Quote the listing below in full and exactly as written, but omit every picture.

→ THE DATA
★ ★ ★ ★ ★
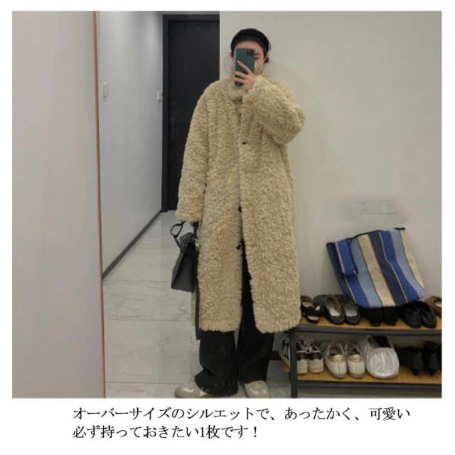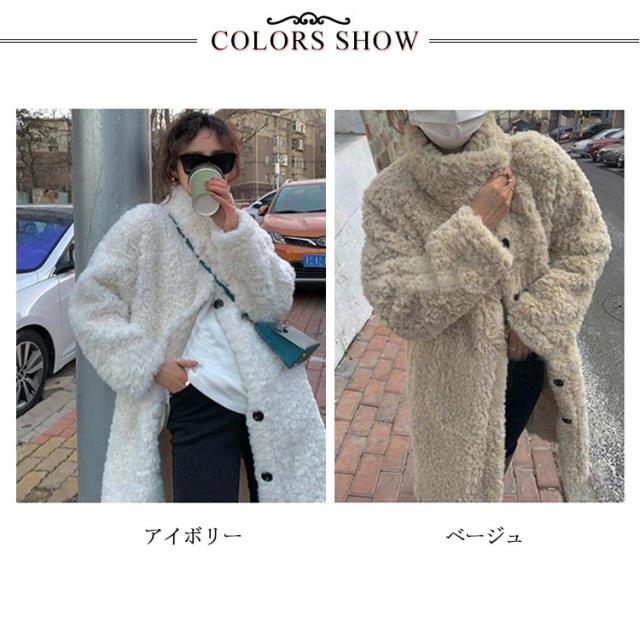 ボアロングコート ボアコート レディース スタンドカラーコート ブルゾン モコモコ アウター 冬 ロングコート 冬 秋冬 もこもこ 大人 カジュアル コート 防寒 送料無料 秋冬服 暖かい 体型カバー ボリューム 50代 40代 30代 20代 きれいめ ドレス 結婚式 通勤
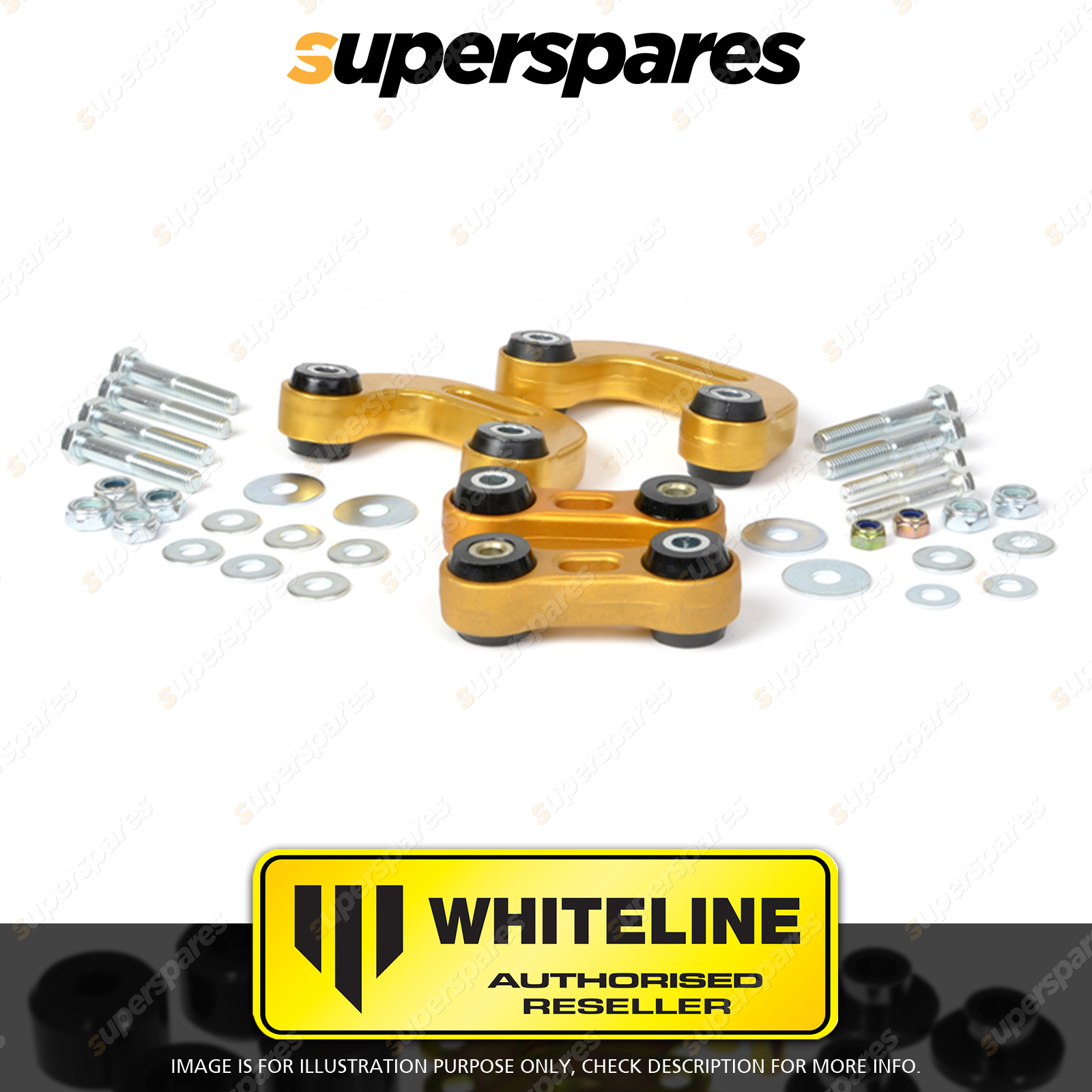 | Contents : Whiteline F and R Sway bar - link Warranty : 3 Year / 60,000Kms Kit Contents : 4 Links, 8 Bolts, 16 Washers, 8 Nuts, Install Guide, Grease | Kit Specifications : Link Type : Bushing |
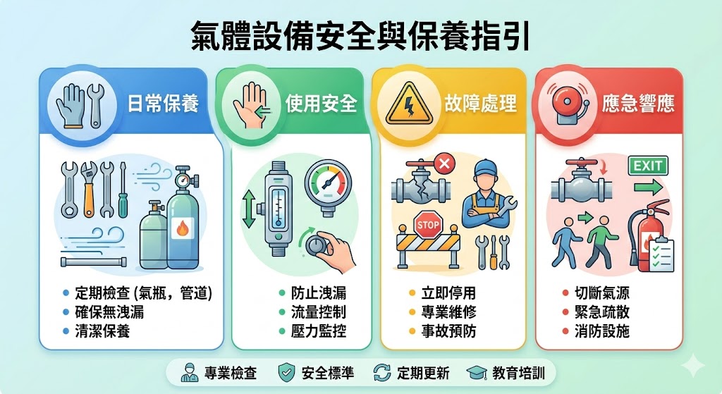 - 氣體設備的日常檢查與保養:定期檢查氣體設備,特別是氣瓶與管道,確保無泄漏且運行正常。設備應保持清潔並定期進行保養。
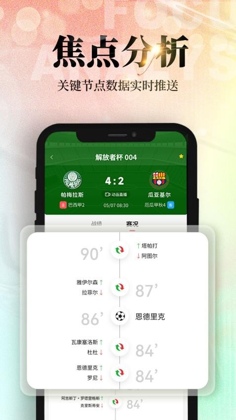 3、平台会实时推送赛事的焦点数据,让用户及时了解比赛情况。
★ ★ ★ ★ ★
→ EXERCISE RESULT
 ボアロングコート ボアコート レディース スタンドカラーコート ブルゾン モコモコ アウター 冬 ロングコート 冬 秋冬 もこもこ 大人 カジュアル コート 防寒 送料無料 秋冬服 暖かい 体型カバー ボリューム 50代 40代 30代 20代 きれいめ ドレス 結婚式 通勤
 | Contents : Whiteline F and R Sway bar - link Warranty : 3 Year / 60,000Kms Kit Contents : 4 Links, 8 Bolts, 16 Washers, 8 Nuts, Install Guide, Grease | Kit Specifications : Link Type : Bushing |
 - 氣體設備的日常檢查與保養:定期檢查氣體設備,特別是氣瓶與管道,確保無泄漏且運行正常。設備應保持清潔並定期進行保養。
 3、平台会实时推送赛事的焦点数据,让用户及时了解比赛情况。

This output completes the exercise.